Valve hired former Kerbal Space Program developers
UPDATE: Squad is not joining Valve, only some ex-KSP devs moved over.
UPDATE 23/05/2017 5.45pm: Kerbal Space Program's developer Squad has clarified that Valve only hired certain former members from the rocket simulator's development team, not the whole team.
“To clarify Valve did not hire 'the KSP team' to join them, but rather hired several people who had once been a part of the Squad development team, and have not worked there for nearly a year,” said a Squad spokesperson in an email to Eurogamer.
"They formerly worked at Squad - they were never poached directly from Squad," the developer noted.
“We want to clarify that Squad is not joining Valve, and we continue to be an independent studio with the core KSP team remaining at Squad, hard at work on the improved KSP for consoles port, Update 1.3 and the Making History Expansion. The KSP community shouldn't be concerned about this news having any impact on the game,” the developer added in a statement on its forum.
“Regarding the developers joining Valve, it is important to note that we have had several people working on our team over the years, and it is common among development studios for team members to come and go. If some of them joined Valve, it is on their own behalf and we wish them good luck and success in their current and future endeavors.”
ORIGINAL STORY 22/05/2017 10.43pm: Valve has hired the team behind Kerbal Space Program to work on... something.

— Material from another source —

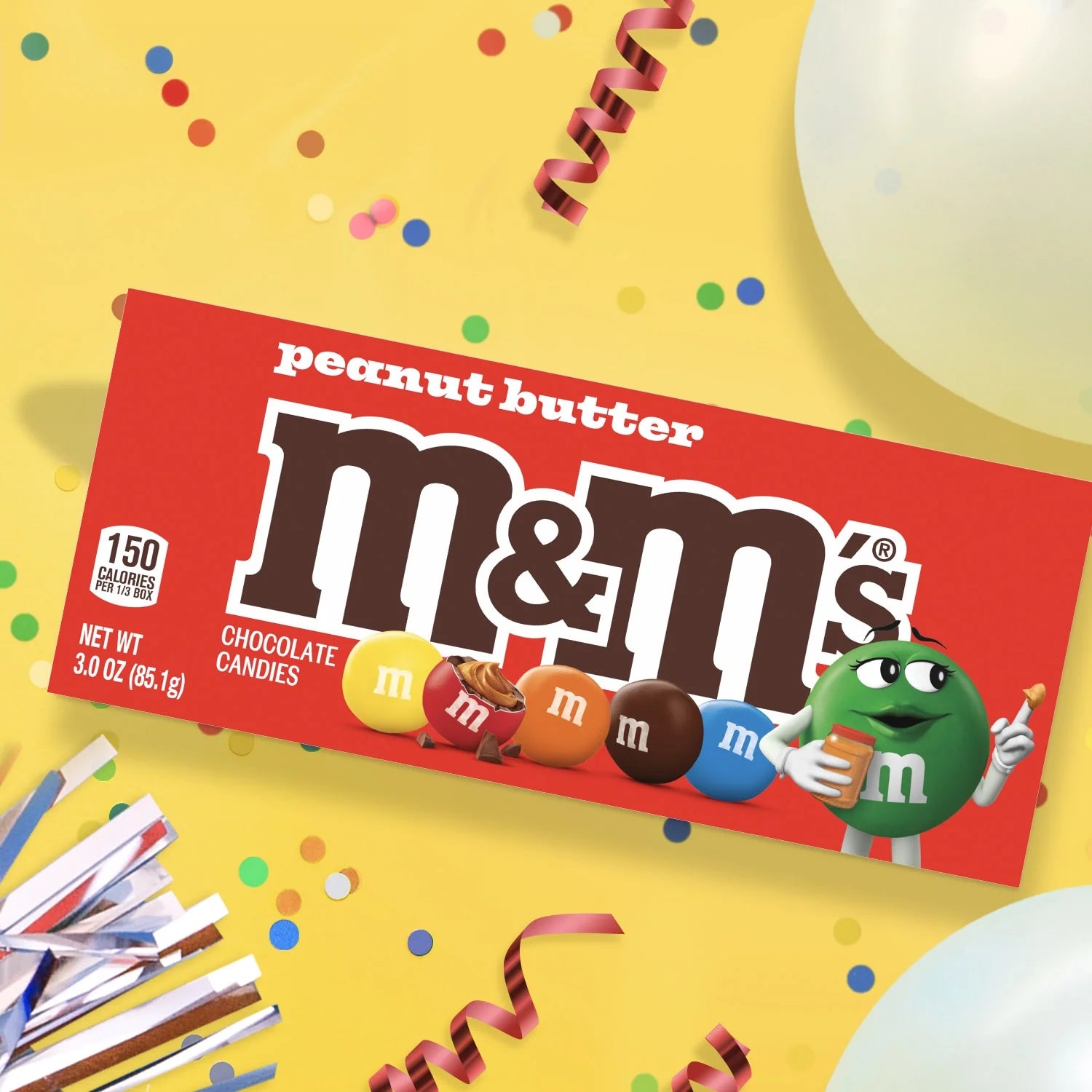 M&M'S Peanut Butter Chocolate Candy Box is the perfect treat for any occasion. The delicious bite-size chocolates that combine creamy peanut butter with smooth milk chocolate are a flavor experience that’s out of this world. Whether stocking up on Halloween candy, filling Christmas stockings, or looking for Easter candy to add to your basket, M&M'S Peanut Butter Candy is a must-have. This re-closeable Theater Box is also great for movie night essentials or office party supplies. With their colorful candy-coated shells, M&M'S Peanut Butter Chocolate Candy adds a fun, nutty twist to any candy bowl or dessert spread. Enjoy them as a sweet pick-me-up, share them at your next celebration, or enjoy a handful during your next cozy movie night. No matter the occasion, these peanut butter and chocolate candies are always a great choice. Order your box today!

What the Kerbal developer, Squad, is doing at Valve is anyone's guess, but one can only speculate that they're working on a new game with the Half-Life 2 and Portal studio.
News of the Kerbal devs moving from their base of Mexico City to Valve's Redmond, Washington headquarters came courtesy of the Game Dev Unchained podcast (via PC GamesN) where former Valve environmental designer Roger Lundeen mentioned the acquisition.
"They're still buying up mod teams," Lundeen said, unaware that Kerbal Space Program is its own game and not a mod.
"The modders who made Kerbal Space Station [sic]" he continued, "they just gave that entire team jobs."
He noted that this happened around four to six months ago.
When asked for comment on how many former Squad staffers accepted jobs at Valve, a Valve spokesperson told Eurogamer "I can confirm that they joined Valve a while back. More details soon."
Valve hiring whole teams at once is nothing new as Portal began as a student project before Valve saw how well the team worked together and decided to buy not just the idea, or the prototype, or cherry pick certain staffers. Instead, it brought the whole crew over as it saw their collaborative spark.
In the meantime, we know Valve is working on three "full" VR games. Perhaps the Kerbal devs are the masterminds behind one of them?
We awarded Kerbal Space Program the highly coveted Eurogamer Essential badge, after all. Thus the team working with Valve sounds very promising indeed.